Top of the crops?

Lugs? Check. Needle-nose grape shears? Check. Decent weather. Finally, yes, check.

 

Gabriele Rausse, revered as the godfather of Virginia wine, has worked well over 30 harvests since he first came to the state from his native Italy to plant the vines at Barboursville Vineyards. Recent rainfall, coming as it did when the grapes were at their peak, complicates the 2009 harvesting schedule.

It’s a Wednesday afternoon and I’m standing among rows of grapevines near Lake Albemarle with Gabriele Rausse, a much-sought-after consultant to local winegrowers and the man who played a central hand in getting the whole Virginia wine industry going more than 30 years ago. That very day, Rausse’s Refosco, a red varietal well known in the Friuli region of northern Italy but relatively rare in this state, earned compliments from the Washington Post’s wine critic. But time didn’t permit too much savoring of that news. There’d been a lot of rain the previous weekend and this vintage’s grapes were in real jeopardy of developing sour rot, which, as the name suggests, is not a condition that winemakers welcome. And so, we were cleaning.

An acre and a half of vines stretched ahead of us. At the rate we were going—about a dozen vines an hour—it was going to be a long afternoon or four. What was taking so long? For one thing, the regular harvest crew, under the direction of Rausse’s son Tim, had not arrived yet (they were still working on the other side of Albemarle County). That left plenty of time for shooting the breeze—and there are few conversationalists in the Virginia wine industry as enthusiastic as Rausse. But more significantly, we were examining each cluster of grapes as we cut it from the vine, looking for signs of rot and then snipping the bad berries out before dropping the cluster into a yellow, plastic lug. It’s painstaking work. Still, Cab Franc grows in loose clusters that are comparatively easy to poke around in. A tightly clustered varietal like Pinot Noir, were it to require the same attention due to factors like weather, might take twice as much time!
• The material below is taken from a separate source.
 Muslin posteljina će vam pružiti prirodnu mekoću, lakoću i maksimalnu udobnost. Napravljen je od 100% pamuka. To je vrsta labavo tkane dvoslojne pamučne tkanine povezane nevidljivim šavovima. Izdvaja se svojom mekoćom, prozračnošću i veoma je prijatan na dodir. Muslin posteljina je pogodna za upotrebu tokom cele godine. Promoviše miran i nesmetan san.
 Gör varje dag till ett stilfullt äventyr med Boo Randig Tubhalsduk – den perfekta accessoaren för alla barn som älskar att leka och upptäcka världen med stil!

Like many area winemakers, Rausse has several sources for his grapes. Even wineries that have vines planted on the property are likely to buy grapes from other sources. Sometimes they buy from each other (in fact, the harvest that Tim Rausse was directing elsewhere that afternoon was at a Greenwood vineyard for the benefit of Blenheim Vineyards). In the case of Knight’s Gambit, where we were, Rausse and owner Paul Summers have a handshake deal, which, both men suggest, is growing rare in the industry.

But we digress.

A ton of grapes (and that’s about what an acre and a half will yield) will produce about 600 liters of wine, give or take, or close to 70 cases. Even this simple math should make the point, in case you doubted it, that wine is an exceptionally labor-intensive agricultural product.
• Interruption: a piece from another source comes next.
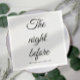 Get Yourself Some elegant and beautiful Decorated napkins for your Rehearsal Dinner. The napkins come in a calligraphy modern style with ~THE NIGHT BEFORE~ font. Also, you can customise the name of the bride and the groom. The napkins feature glitter with Eucalyptus and confetti to make them look so beautiful and elegant.
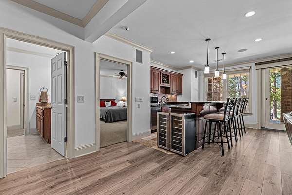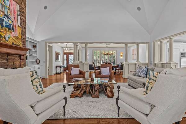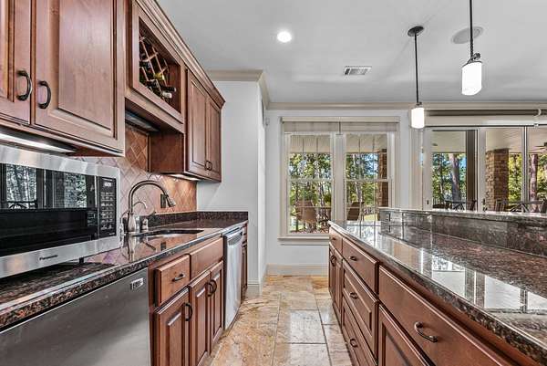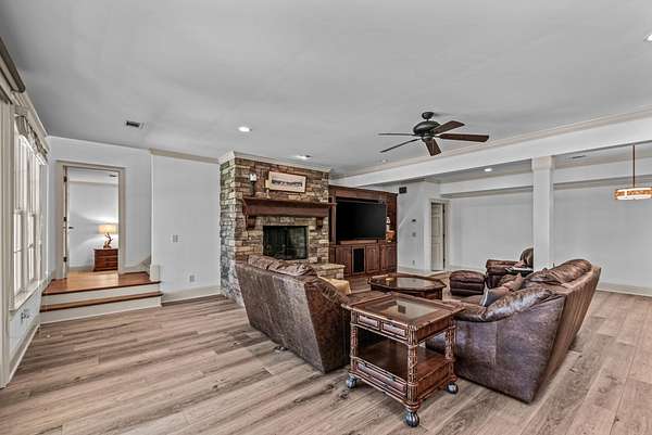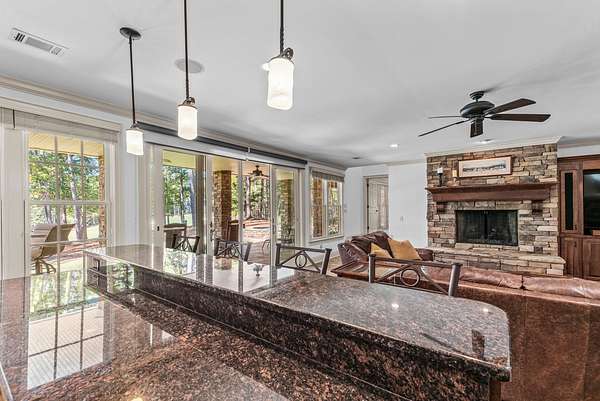 LIVE THE REYNOLDS LAKE OCONEE LIFESTYLE -- ELEGANTLY UPDATED HOME ON THE 15TH HOLE OF THE RICHLAND COURSE ON ALMOST 2 ACRES! Perfectly situated on the 15th hole of the Richland Course and just moments from the coveted Richland Point amenities, this extraordinary 4-bedroom, 4.5-bath home embodies effortless lake and golf living. Every detail has been thoughtfully updated to blend timeless craftsmanship with modern luxury. As you step inside, you'll be greeted by soaring ceilings, abundant natural light, and an open-concept design that feels both grand and inviting. The great room draws you in with its striking stone fireplace, custom built-ins, and warm sense of gathering, the perfect place to unwind after a day on the lake or golf course. The formal dining room sets the tone for memorable dinners with friends and family. The newly refreshed gourmet kitchen is as functional as it is beautiful, featuring Wolf and Sub-Zero appliances, designer lighting, and an elegant butler's pantry with a copper sink and ice maker. A generous walk-in pantry with custom cabinetry ensures there's room for every culinary essential. The main-level primary suite offers a peaceful retreat with vaulted ceilings and a spa-inspired bath complete with granite countertops, dual vanities, premium fixtures, and a luxurious steam shower. The custom closet with built-ins and new, plush carpeting completes this serene space. Step out to the screened porch, designed for four-season enjoyment with vinyl windows for cooler days, and panoramic views of the golf course and tranquil pond. Upstairs, a private guest suite or home office offers flexibility and quiet comfort. The terrace level was made for entertaining, featuring a spacious recreation room with a stacked-stone fireplace and a sophisticated wet bar equipped with sink, dishwasher, and dual beverage refrigerators. Two additional guest suites, each with a full bath, provide space for everyone to feel at home. Outdoors, enjoy peaceful mornings or sunset evenings on the covered travertine patio, complete with a soothing spa and the serene sounds of nature. With a SONOS whole-home sound system and freshly painted interiors and exteriors, this home is truly move-in ready. Here, every day feels like a getaway, where morning walks lead to the water's edge, afternoons are spent golfing or boating, and evenings are shared with friends under the stars. Experience the very best of Reynolds living in this extraordinary home. Membership available.

Reluctantly, I had to get back to my desk, so after three hours I left Rausse though the crew had still to arrive. But I checked in later as to the fate of all that Cab Franc. The bulk was picked the following day. And then that night, at 11pm, the process of crushing back at the winery commenced. At 1:47 the following morning, word came via e-mail: “…we are done.”
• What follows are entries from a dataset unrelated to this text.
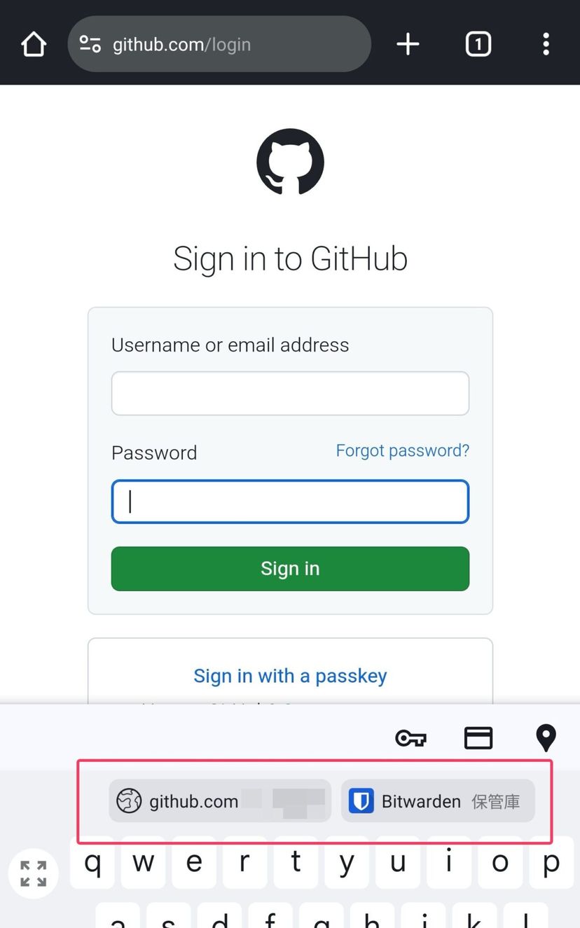 スマホやタブレットのGoogle Chromeなどのブラウザで、ログイン画面を開くと、キーボード上部に自動入力候補が表示され、指紋認証するだけで入力してくれる。
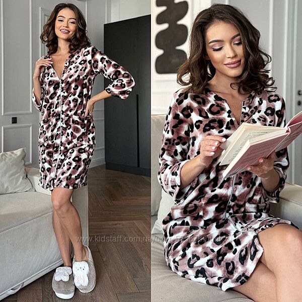 Особливості: халат з прямим кроєм, дві кишені, застібається на блискавку по центру — ідеальний варіант для комфортного та стильного вигляду.
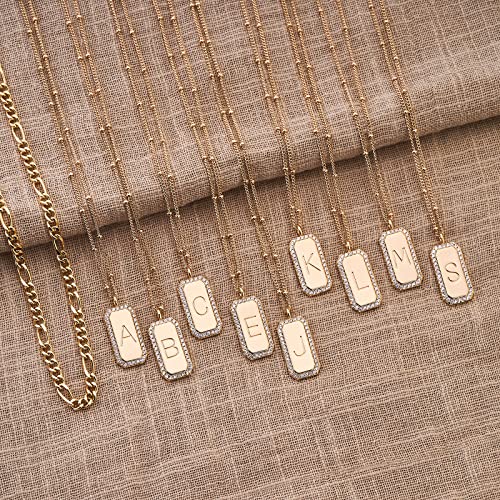• Layered Necklaces: 2 layering initial necklaces for women trendy jewelry, gold layered figaro chain letter initial necklaces set with square charm, engraved with initial and cubic zirconia. Large initial pendant dainty necklace for women jewelry. The letter necklace as a reminder that you are one and only
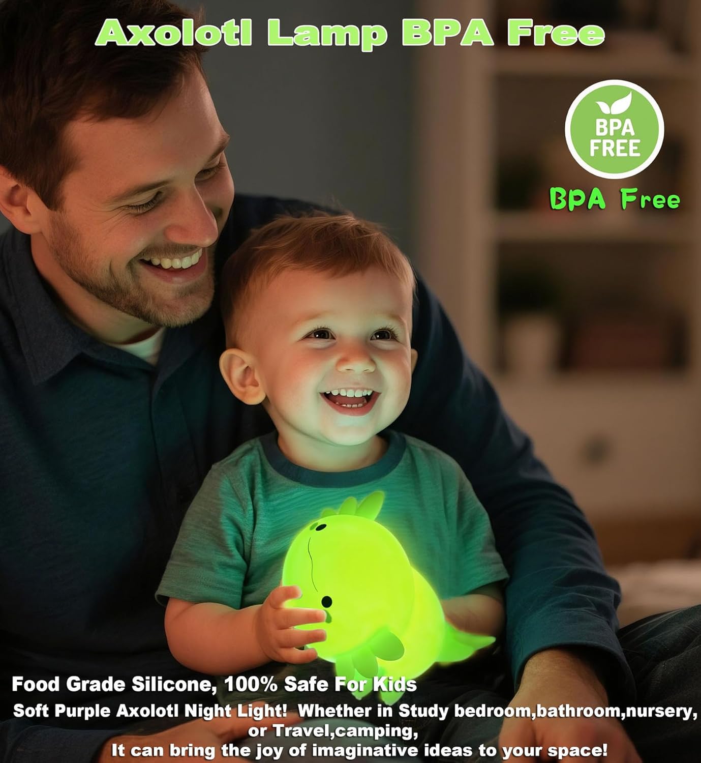 • Dimmable and BPA Free:Cute Green Axolotl Night Light for Kids,Choose food grade silicone material,BPA free Soft and pinchable,that won't heat up while in use.Safe material and design suitable for everyone including babies,axolotl lamp has two brightness modes.Turn on the switch and simply tap the Axolotl light to switch brightness
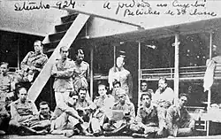 The clandestine conspirators worked civilian jobs under false identities.[g] To enlist new allies, including officers on active duty, they resorted to their relatives and contacts built in the Military School of Realengo and in the barracks, prisons and neighborhoods.[15] It was normal for the rebels to be colleagues at the Military School, and many others met each other when arrested.[66] Leaders traveled to barracks across most of the South and Southeast to build up support.[67][68][69] The revolutionary central committee had a plan to enlist officers, which in the case of São Paulo began to be implemented in August 1923.[70] The conspirators arrested in Rio de Janeiro found considerable freedom and corresponded with their comrades in São Paulo.[71]
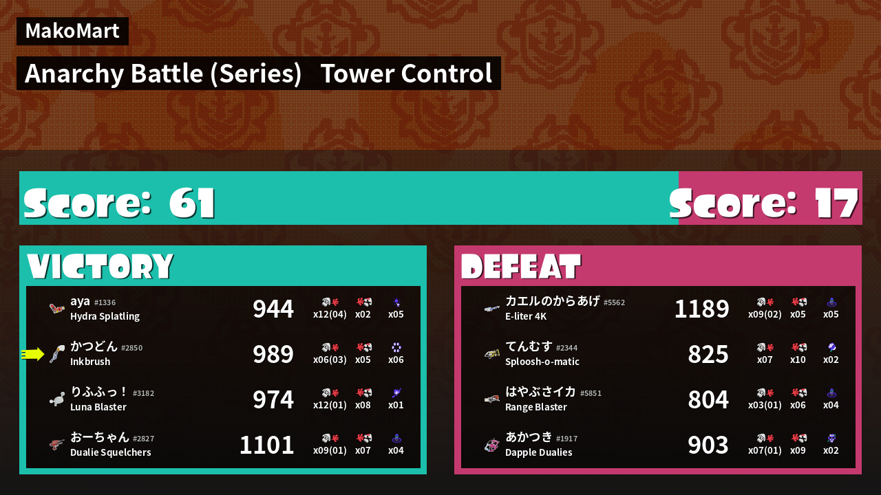 Results of かつどん's Battle
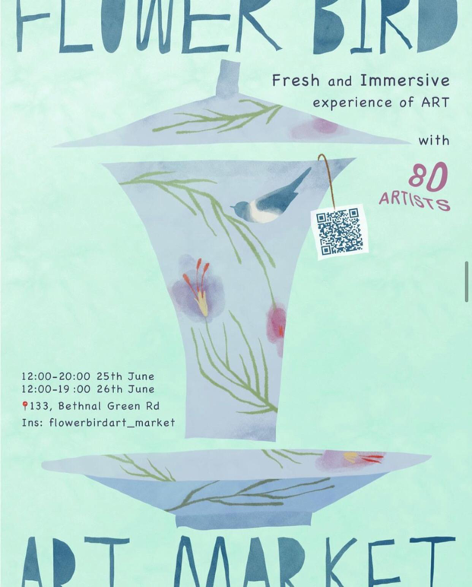 The first experience was the Flower Bird Market at Shoreditch, where I had a stand with the opportunity to sell my work for two days. As soon as I arrived, I realized they had confirmed too many artists for the space they had available, so when the artists arrived it was so cluttered you couldn’t walk through the space. The participation fee was 35 pounds.
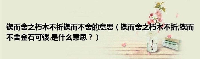 大家好,小安來為大家解答以上問題。鍥而舍之朽木不折鍥而不舍的意思,鍥而舍之朽木不折;鍥而不舍金石可鏤.是什么意思?很多人還不知道,現(xiàn)在讓我們一起來看看吧!
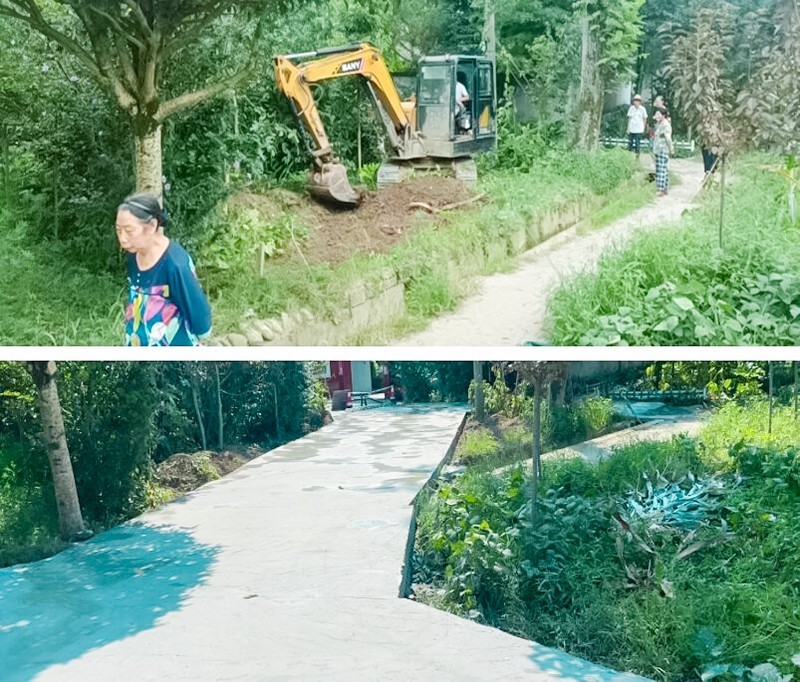 此次“公共区域打造”活动,是友爱社工通过前期走访、坝坝会的开展,了解到富丽村村民希望能够修整院落道路,而富丽村党委接到村民反映后,社区党委高度重视,在了解路面情况后,即刻联系相关部门做好对接工作,紧接着由村民组织的施工队开始紧锣密鼓地对杂草丛生的路面进行扩建工作。同时,社区居民一起将路上的树木进行处理,并租用挖挖机对地面的杂草进行修整,对坑洼地方进行了硬化处理,并将土和沙子填补到路面,进行夯实加固。经过6天的辛勤努力原本杂草丛生的泥泞小路,变成了小车可以随意开过的大路。过往的社区村民看到平坦的路面,都伸出了大拇指,夸赞社区又为居民办了一件实事。

This week, the process begins anew with the last of Rausse’s Lake Albemarle grapes, the Petit Verdot.

Achtung, wine lovers! October is Virginia Wine Month, as declared by the state marketing people. Festivals and tastings continue throughout the month. Find complete listings for the state at www.virginia.org.

New on shelves this month from The History Press, A History of Virginia Wines, is a slim, dishy tome that might make a decent read-aloud companion piece while you tour the state’s wineries.